I read a review of American Underdog where the person went to the bathroom after Kurt and Brenda broke up, only to return to see them back together. This person then asked how they got back together and the other person replied “her parents died in a Tornado lol”. Yes that is unintentionally funny to the extreme, the kind of stuff as a 24 year old I would have laughed harder at than when John Travolta asks “Do you…WANT LUNCH?” in another faith-based film called Battlefield Earth. Looking back now though, I think about the unexpected gut punch that comes when your Grandparents who acted as parents and partially raised you meet their end. I personally went into a drinking spiral after my Grandpa Joe died and didn’t realize why until I had my first kid. That old dude yelled at me more than Evil Mike Martz does at Kurt in practice, but he was the one who consistently drove me to those practices. I guess in the end that counts for something.

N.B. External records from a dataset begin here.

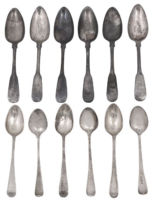 A set of six Scottish late George III silver teaspoons and a set six George III bright cut old English pattern teaspoons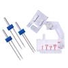 Función: Con una aguja doble, puedes coser dos líneas decorativas idénticas al mismo tiempo. Puedes usar puntada recta o puntada de patrón, o usar dos hilos superiores de diferentes colores para una apariencia más hermosa.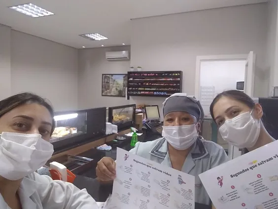 O treinamento tem ocorrido de forma dinâmica com a prática da mesma, relembrando os 5 momentos em que deve ser realizada e a importância de ser eficaz. O material com a técnica correta foi anexado em alguns pontos do hospital considerados necessários, para que a prática seja relembrada sempre pelos profissionais.

I hope my son takes something out of this moment and these high fivin’ football shows, but who knows if he will. When I was in 8th grade my dad took me to the film Dirty Rotten Scoundrels. I was supposed to travel to Arcadia, Wisconsin with the basketball team. We never traveled anywhere at that point and going to Arcadia, Wisconsin from Winona, MN was akin to taking a space rocket to the moon to me. Yet I still went with my father because he never took me to movies and I rarely saw him because he worked 7 days a week. The only thing I remember from that night was when Steve Martin had a cork on his fork to prevent him from poking his eye out. I think that pretty much sums up my childhood in a nice neat bow. I need to do better. Kurt Warner, Gene Hackman’s coach from Hoosiers, Vincent Papale, and Animal Mother would want it that way. Headed out to do pushups in the driveway. Be right back.

Freddy, as a younger man, I was a sculptor, a painter, and a musician. There was just one problem: I wasn’t very good. As a matter of fact, I was dreadful. I finally came to the frustrating conclusion that I had taste and style, but not talent. I knew my limitations. We all have our limitations, Freddy. Fortunately, I discovered that taste and style were commodities that people desired. Freddy, what I am saying is: know your limitations. You are a moron.” – Michael Caine, Dirty Rotten Scoundrels

2 thoughts on “Purgatory

  1. Story telling. I’ve relentlessly told my stories to my kids. They know my background as though they lived it themselves. I have no doubt that you can make it interesting (and funny, gotta be funny or they won’t listen) for them, since you do for me. The only topic area I’ve steered away from is substance abuse. A friend told me that his son viewed his father’s checkered past as a challenge. Let’s see if I can out party Dad.